What to work on |
Your copy starts at the line containing "Kuhinjska radna ploča" and ends at the last line of the material below. Reproduce those lines exactly, with no pictures.

Dataset section |
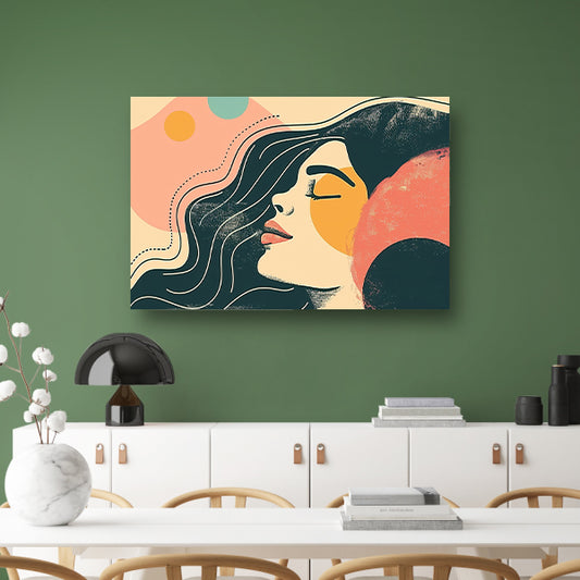Abstract portret van vrouw in geometrische vormen canvas met baklijst
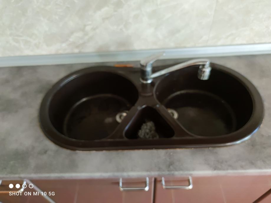 Kuhinjska radna ploča (kao nova) 288x60, sa kvalitetnim dvodijelnim sudoperom, pipom i pločom za kuhanje.
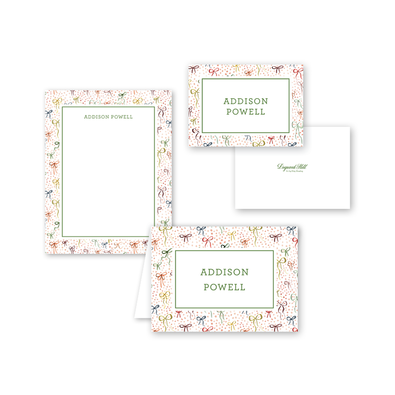25 personalized notecards sized 3.5 x 4.875 inches folded on 120 lb Mohawk Eggshell White Paper
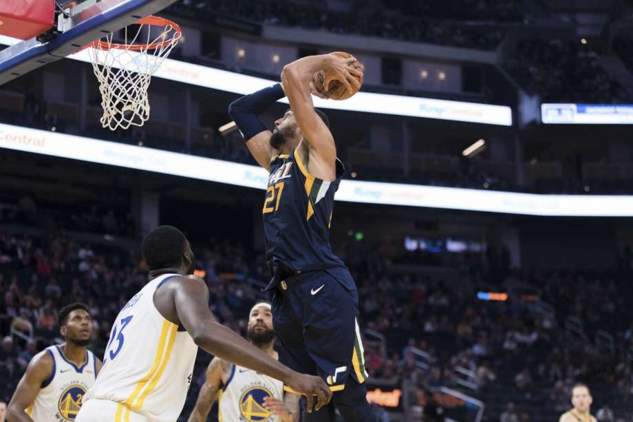 sfgate.com photo: The Utah Jazz Rudy Gobert takes a shot against the Golden State Warriors defense at Chase Center in San Francisco on Monday night

Response to the exercise |
 Kuhinjska radna ploča (kao nova) 288x60, sa kvalitetnim dvodijelnim sudoperom, pipom i pločom za kuhanje.
25 personalized notecards sized 3.5 x 4.875 inches folded on 120 lb Mohawk Eggshell White Paper
 sfgate.com photo: The Utah Jazz Rudy Gobert takes a shot against the Golden State Warriors defense at Chase Center in San Francisco on Monday night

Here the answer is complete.